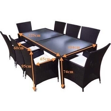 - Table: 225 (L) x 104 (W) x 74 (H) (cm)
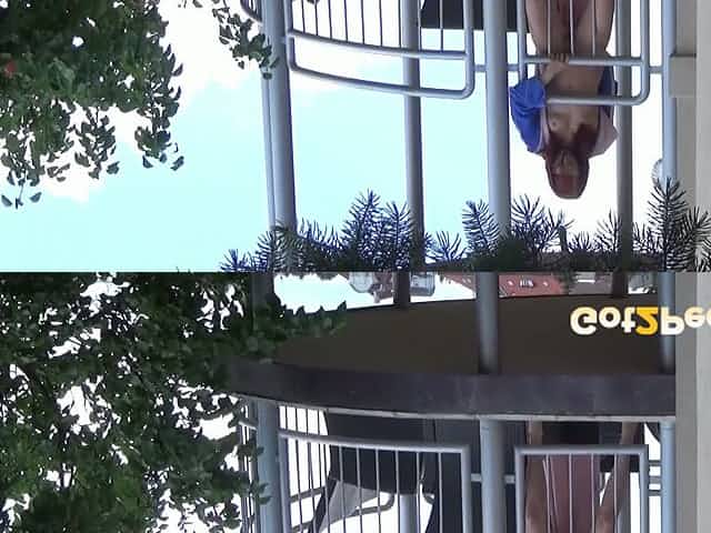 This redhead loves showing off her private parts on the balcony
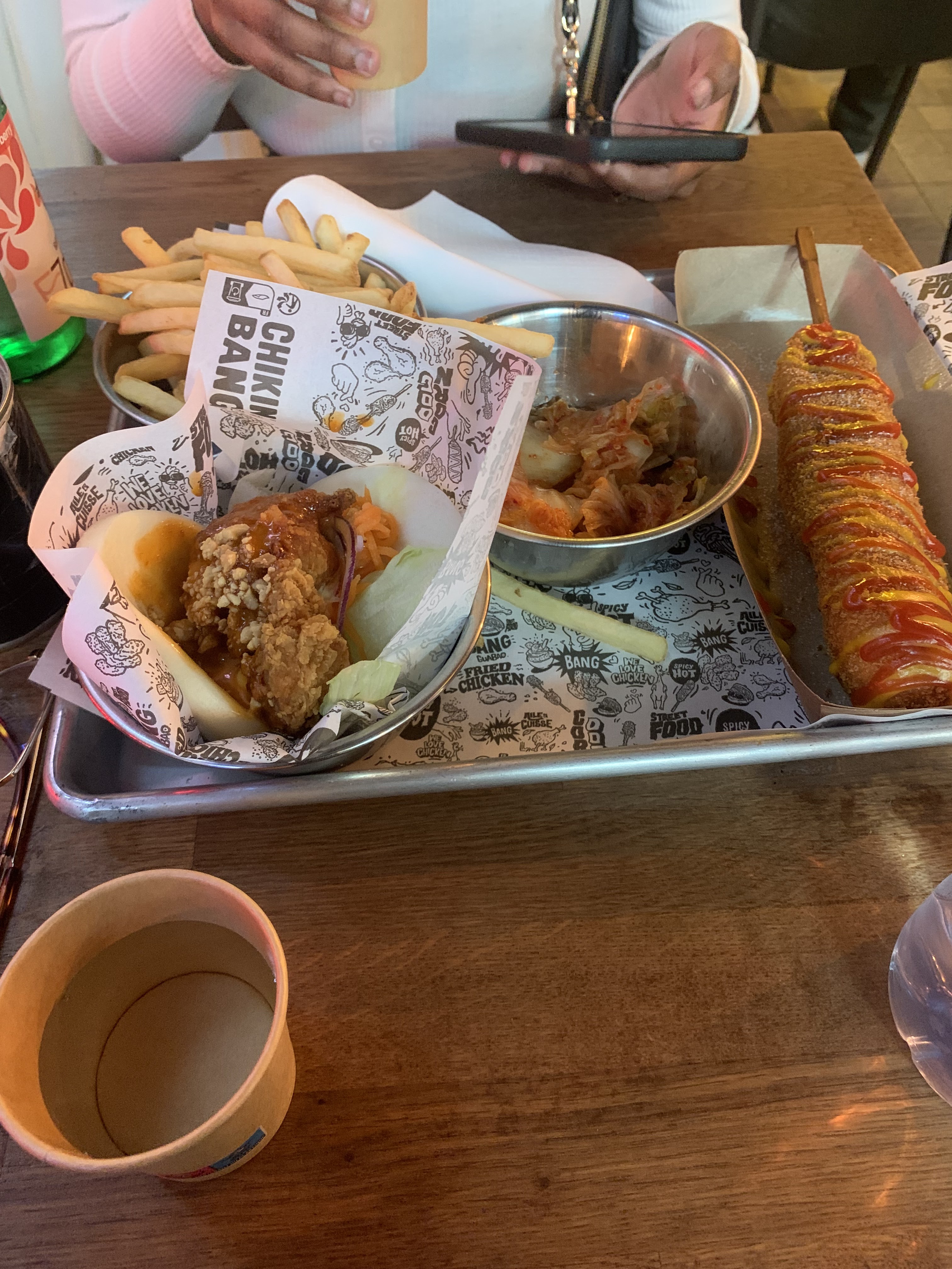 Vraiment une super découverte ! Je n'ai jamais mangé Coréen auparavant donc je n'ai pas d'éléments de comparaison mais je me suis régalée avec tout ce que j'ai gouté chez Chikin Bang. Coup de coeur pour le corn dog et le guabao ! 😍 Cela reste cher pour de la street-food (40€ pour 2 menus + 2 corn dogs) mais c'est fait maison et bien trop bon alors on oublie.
* * *
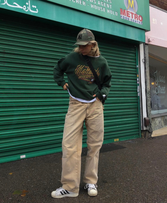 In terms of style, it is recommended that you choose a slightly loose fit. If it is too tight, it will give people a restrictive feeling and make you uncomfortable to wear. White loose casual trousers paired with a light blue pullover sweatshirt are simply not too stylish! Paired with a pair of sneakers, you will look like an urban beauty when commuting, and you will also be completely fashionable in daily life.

Task details -
With the pictures omitted, copy the entries above exactly from the line containing "- Table: 225 (L) x 104 (W) x 74 (H) (cm)" through the line containing "Vraiment une super", both lines included.

Task response -
 - Table: 225 (L) x 104 (W) x 74 (H) (cm)
 This redhead loves showing off her private parts on the balcony
 Vraiment une super découverte ! Je n'ai jamais mangé Coréen auparavant donc je n'ai pas d'éléments de comparaison mais je me suis régalée avec tout ce que j'ai gouté chez Chikin Bang. Coup de coeur pour le corn dog et le guabao ! 😍 Cela reste cher pour de la street-food (40€ pour 2 menus + 2 corn dogs) mais c'est fait maison et bien trop bon alors on oublie.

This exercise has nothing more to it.